* [MATERIAL PROVIDED]:
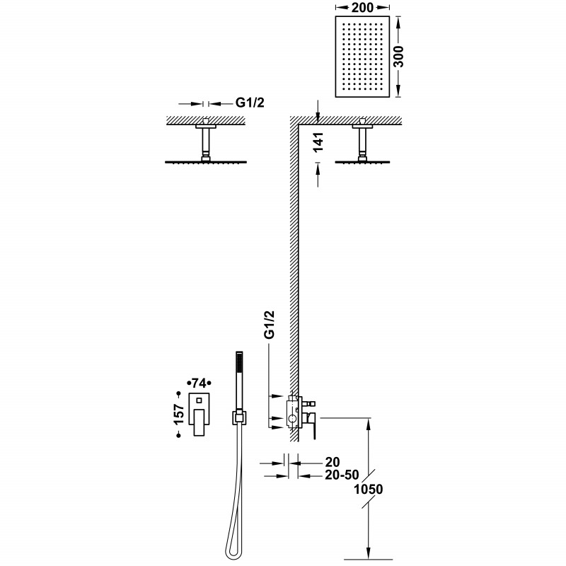 - Знімний душ 300x200 мм із шарніром. Матеріал нержавіюча сталь
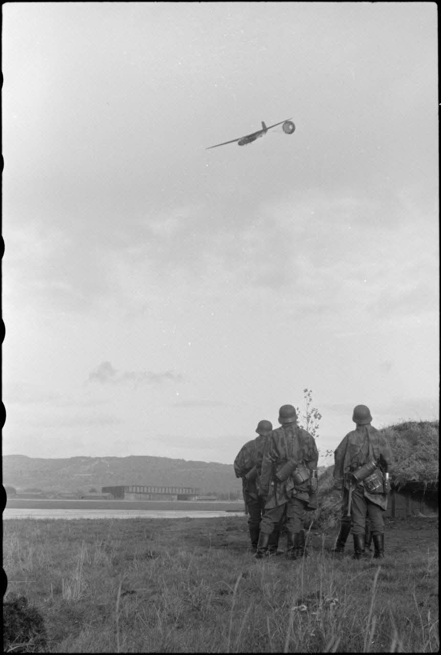 Sur le tarmac du terrain d'aviation de Trondheim-Vaernes (Norvège), une manoeuvre débute en présence de nombreux officiers de la Wehrmacht (Heer, Luftwaffe et Kriegsmarine).
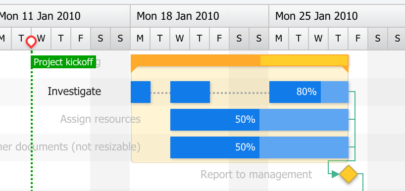 Since the Gantt 3.0 release is getting closer, it’s time to get a bit more familiar with it. Ext Gantt is currently in Beta-1 stage and the next beta is coming soon. In this post we’ll look at how to write a custom plugin which visually groups child task of a parent task. Here’s an image of what it should achieve.
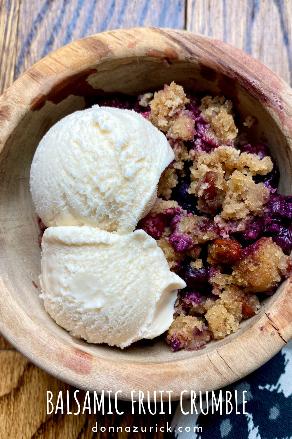 Place the fruit in a 9x9 inch baking dish, and pour balsamic vinegar over it. Toss fruit slightly to coat with the vinegar.

* [ASSIGNMENT]: Exactly and only the lines from the one holding "Since the Gantt" through the final line of the material must be returned, both ends included, without any pictures.

* [COMPLETED EXERCISE]:
 Since the Gantt 3.0 release is getting closer, it’s time to get a bit more familiar with it. Ext Gantt is currently in Beta-1 stage and the next beta is coming soon. In this post we’ll look at how to write a custom plugin which visually groups child task of a parent task. Here’s an image of what it should achieve.
 Place the fruit in a 9x9 inch baking dish, and pour balsamic vinegar over it. Toss fruit slightly to coat with the vinegar.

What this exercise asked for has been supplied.